[Supplied data — start]

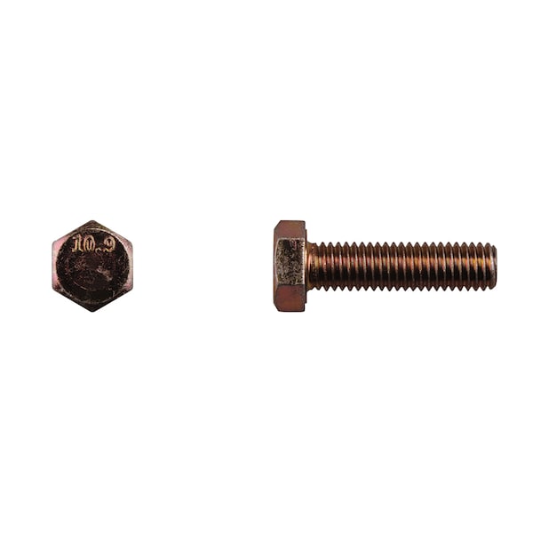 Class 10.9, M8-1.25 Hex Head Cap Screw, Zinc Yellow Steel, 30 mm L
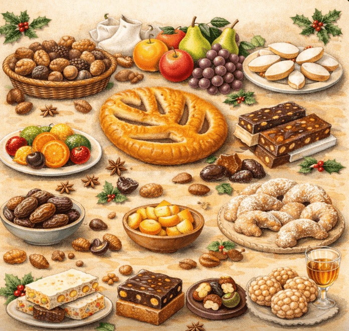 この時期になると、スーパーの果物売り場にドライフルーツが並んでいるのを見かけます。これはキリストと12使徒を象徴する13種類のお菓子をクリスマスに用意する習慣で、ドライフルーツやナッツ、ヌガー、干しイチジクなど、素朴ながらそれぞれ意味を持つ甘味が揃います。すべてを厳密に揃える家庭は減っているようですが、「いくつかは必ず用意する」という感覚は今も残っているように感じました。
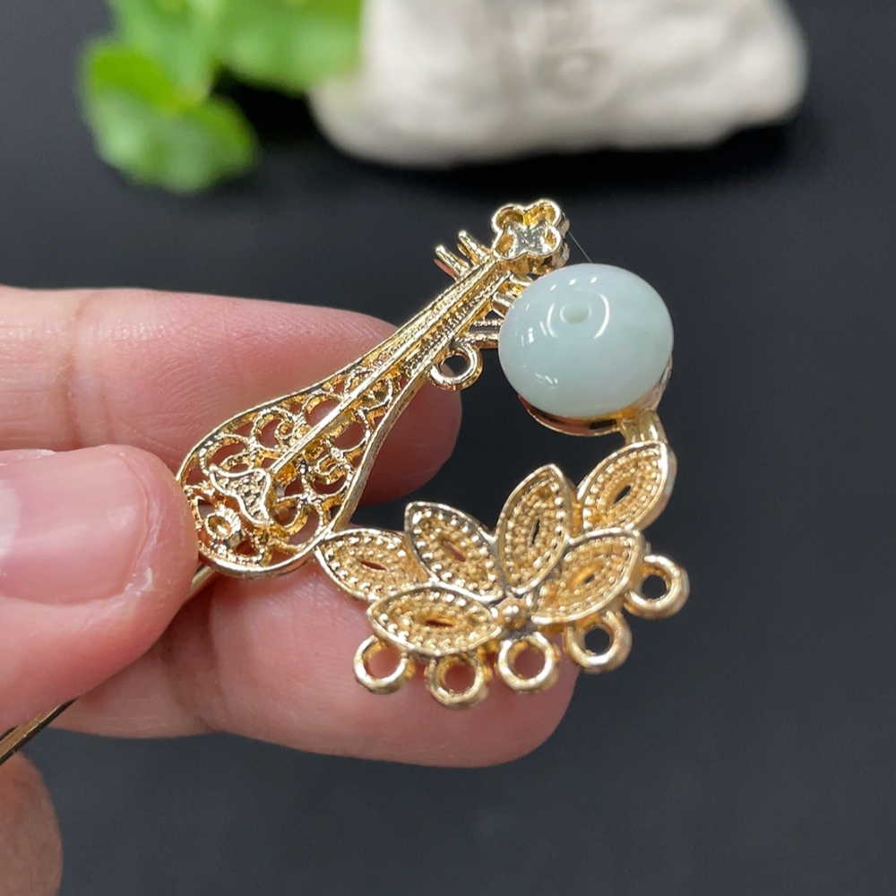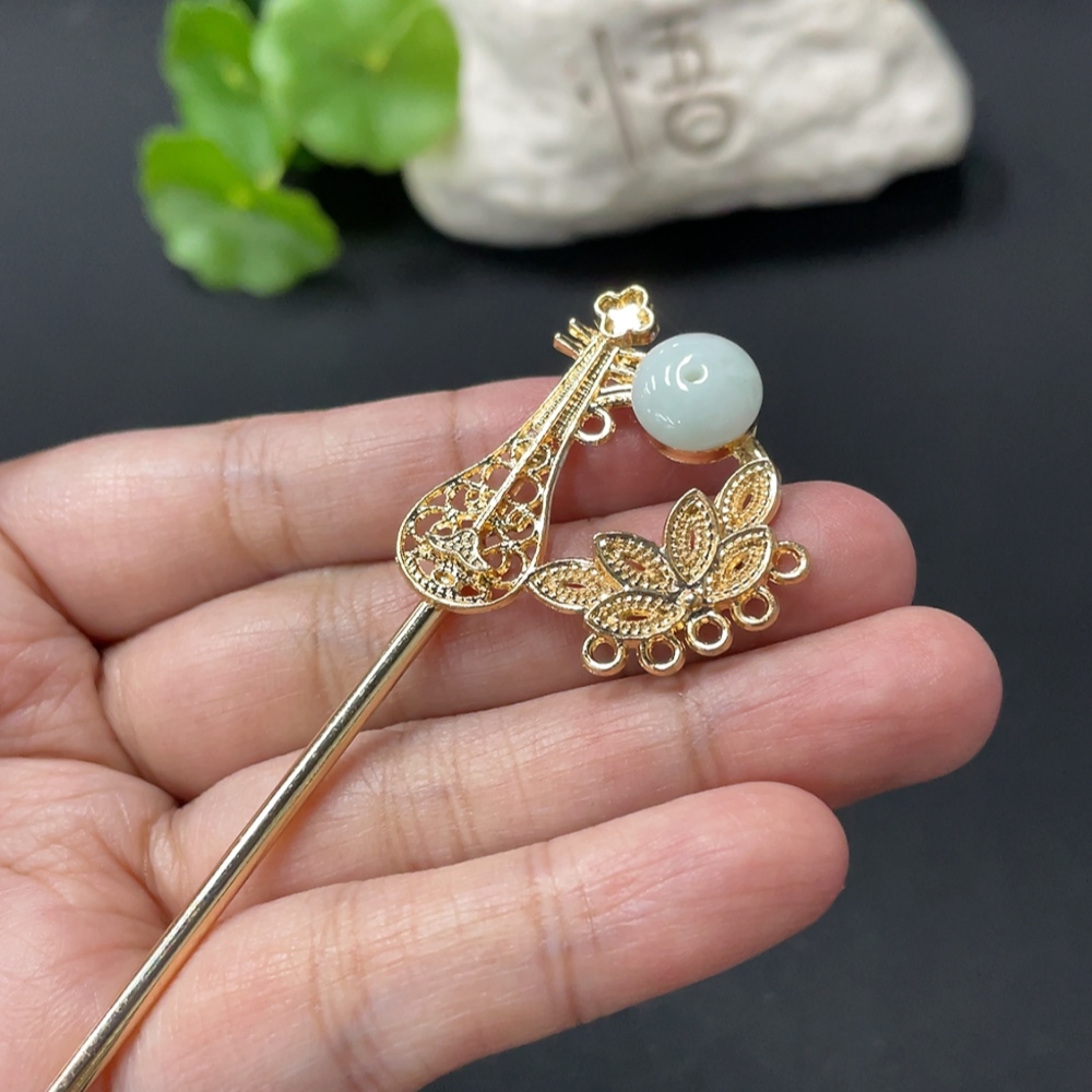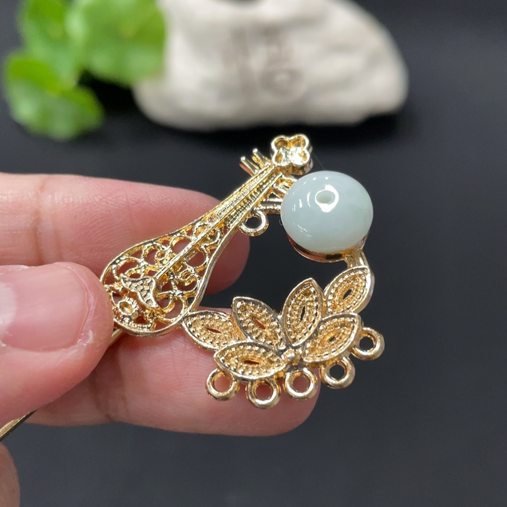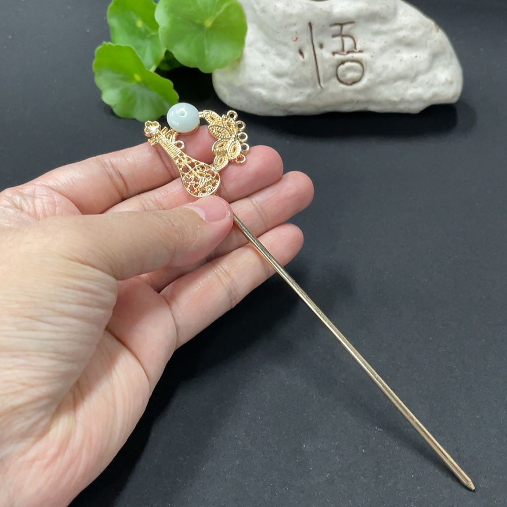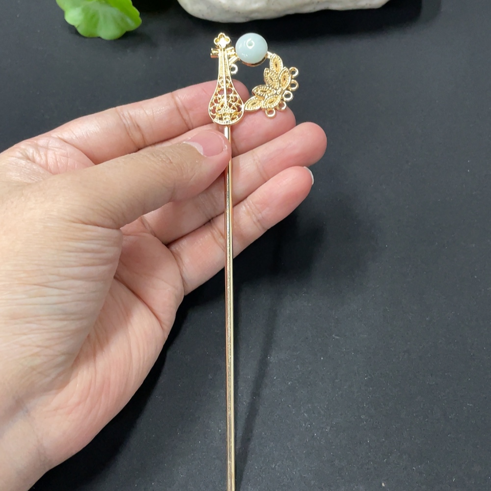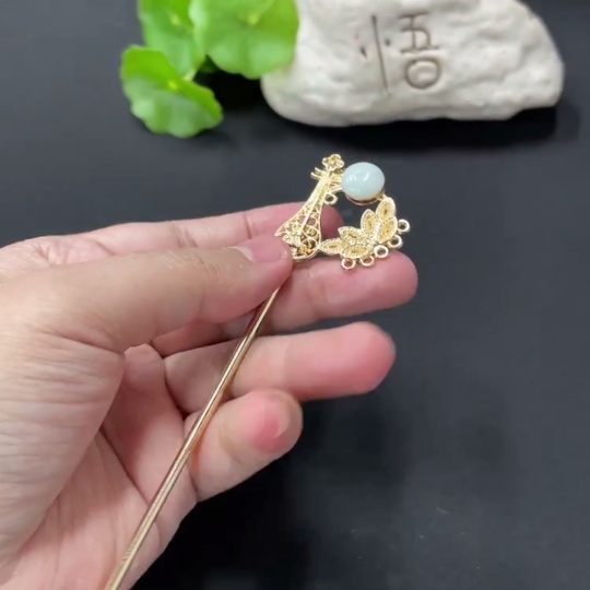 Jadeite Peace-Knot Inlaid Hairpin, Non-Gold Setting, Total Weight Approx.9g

[Supplied data — finish]

### Work order
Give again, word for word, every line from the top of the data above to the line holding "この時期になると、スーパーの", inclusive, with the pictures left out.

### Result for this exercise
 Class 10.9, M8-1.25 Hex Head Cap Screw, Zinc Yellow Steel, 30 mm L
 この時期になると、スーパーの果物売り場にドライフルーツが並んでいるのを見かけます。これはキリストと12使徒を象徴する13種類のお菓子をクリスマスに用意する習慣で、ドライフルーツやナッツ、ヌガー、干しイチジクなど、素朴ながらそれぞれ意味を持つ甘味が揃います。すべてを厳密に揃える家庭は減っているようですが、「いくつかは必ず用意する」という感覚は今も残っているように感じました。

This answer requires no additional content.